Studio album by The Stranglers
- Released: 14 January 1983
- Recorded: September 1982
- Studio: ICP Studios in Brussels, Belgium
- Genre: New wave
- Length: 38:31
- Label: Epic
- Producer: The Stranglers; Steve Churchyard;

The Stranglers chronology
| La Folie (1981) | Feline (1983) | Aural Sculpture (1984) |

Singles from Feline
- "European Female" Released: 21 December 1982; "Midnight Summer Dream" Released: 26 February 1983; "Paradise" Released: July 1983;

= Feline (The Stranglers album) =

1983 studio album by the Stranglers

Feline is the seventh studio album by the Stranglers and was released on 14 January 1983 on the Epic record label, their first for the label. The first edition came with a free one-sided 7" single "Aural Sculpture Manifesto". Feline drew heavily on two of the dominant musical influences in Europe of the time, by using primarily acoustic guitars and electronic drums as well as synthesizers. The American edition of the album included the British hit single "Golden Brown" as the closing track on side one of the original vinyl (and the fifth song in on the CD version).

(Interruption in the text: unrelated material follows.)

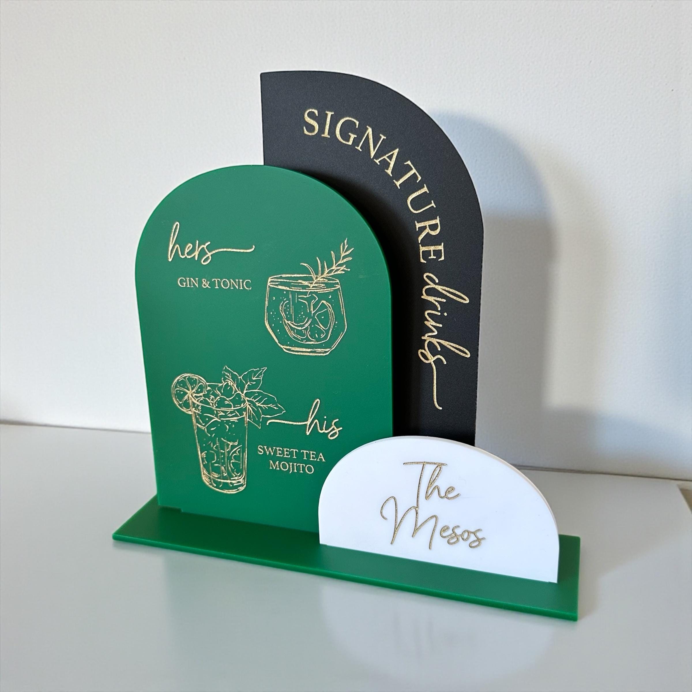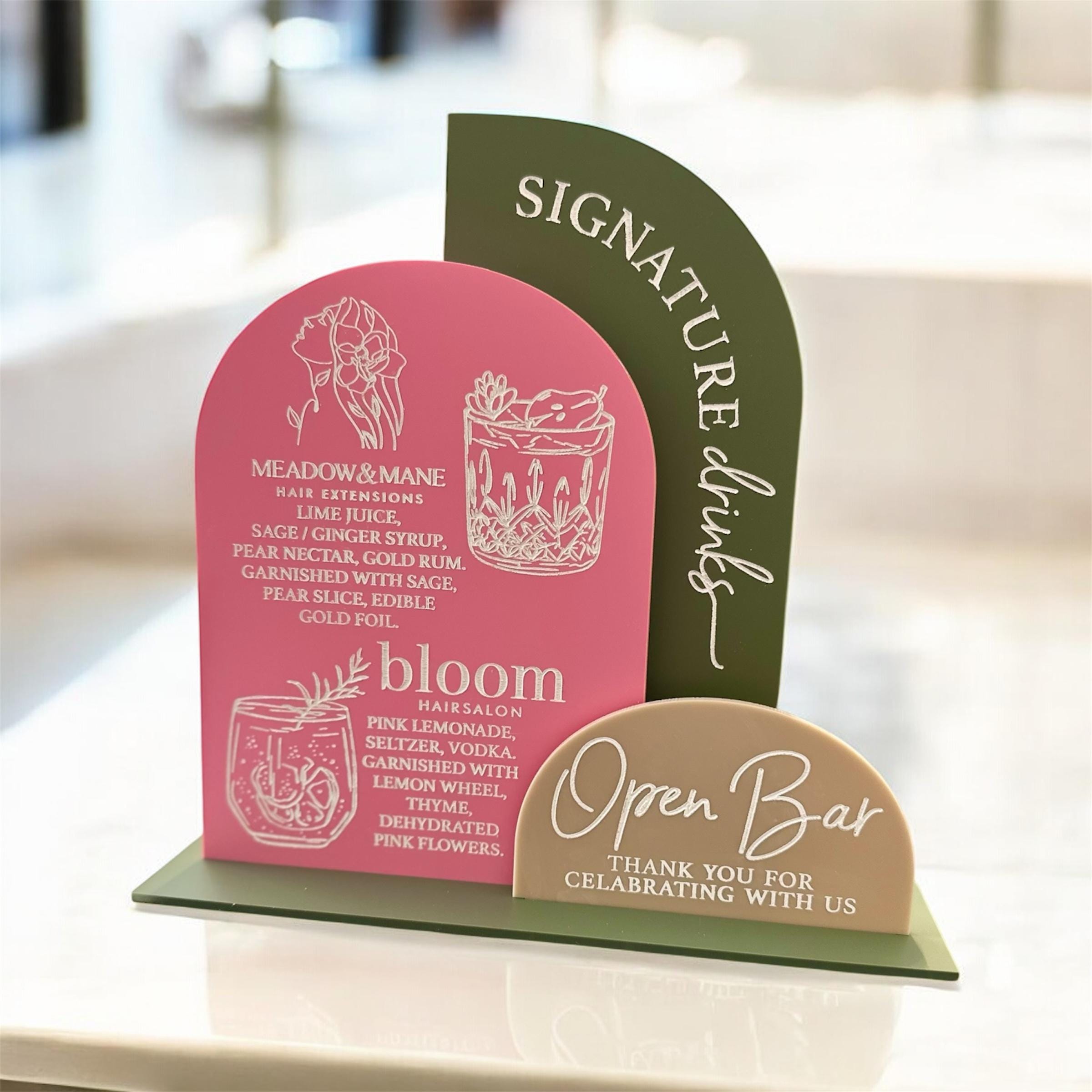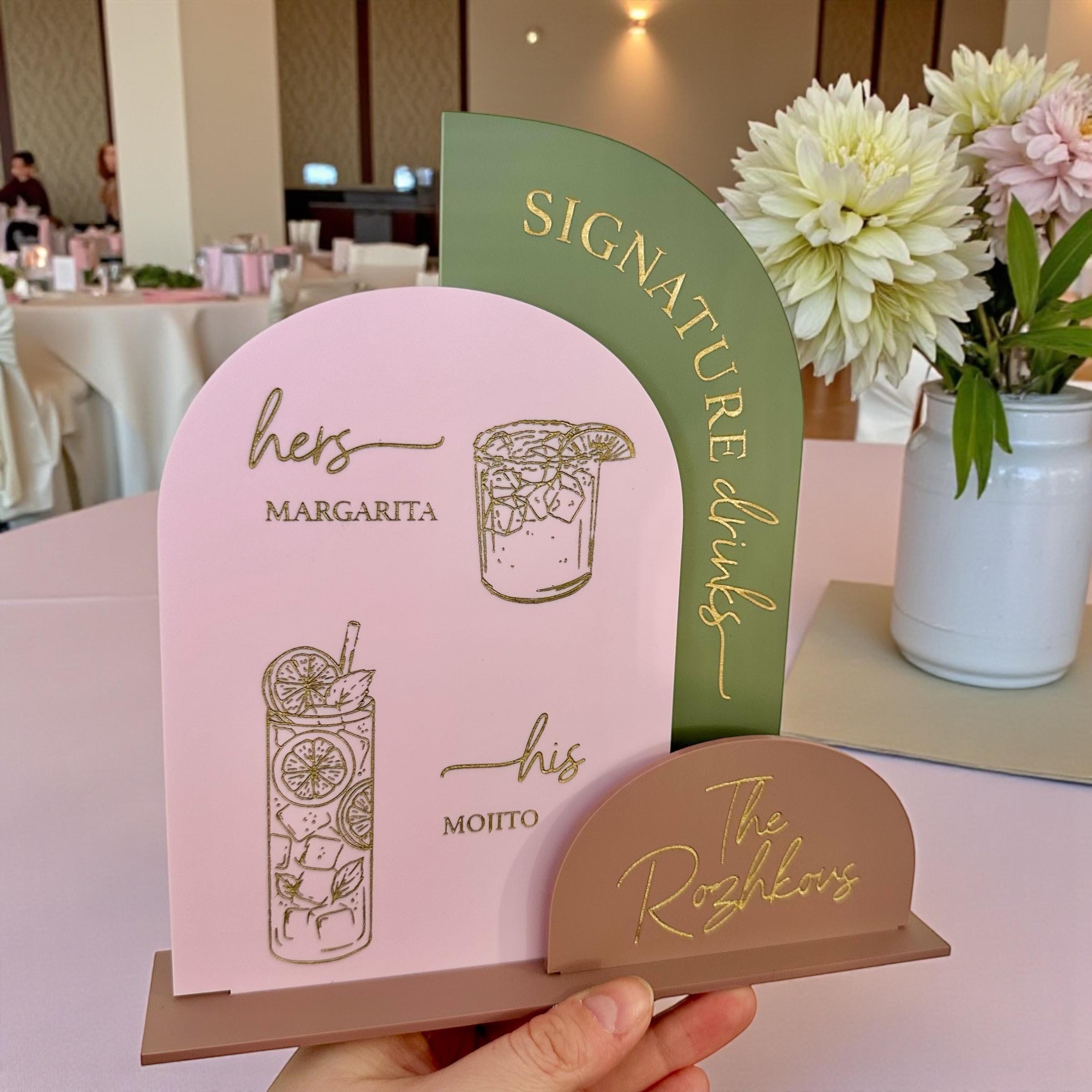 Signature Drink Bar Menu Sign, Custom Acrylic Cocktail Sign, Personalized Wedding Bar Menu, His & Hers Drinks Tabletop Sign, Open Bar

Feline peaked higher than their previous studio album release, La Folie, reaching No. 4 in the UK Albums Chart.

There were three singles released from Feline: the first was "European Female" which reached No. 9 in the UK Singles Chart in January 1983, and was followed by a remixed 7" version of "Midnight Summer Dream" in February (which peaked at No. 35 in the UK). The third and final single released was "Paradise" (released in July 1983) which reached No. 48.

Professional ratings
Review scores
| Source | Rating |
| AllMusic |  |
| Smash Hits | 8/10 |

==Reception==
The album received a mixed reception from fans and critics alike. Some fans embraced the band's new sound, while others felt it wasn't the same band that recorded their debut Rattus Norvegicus in 1977.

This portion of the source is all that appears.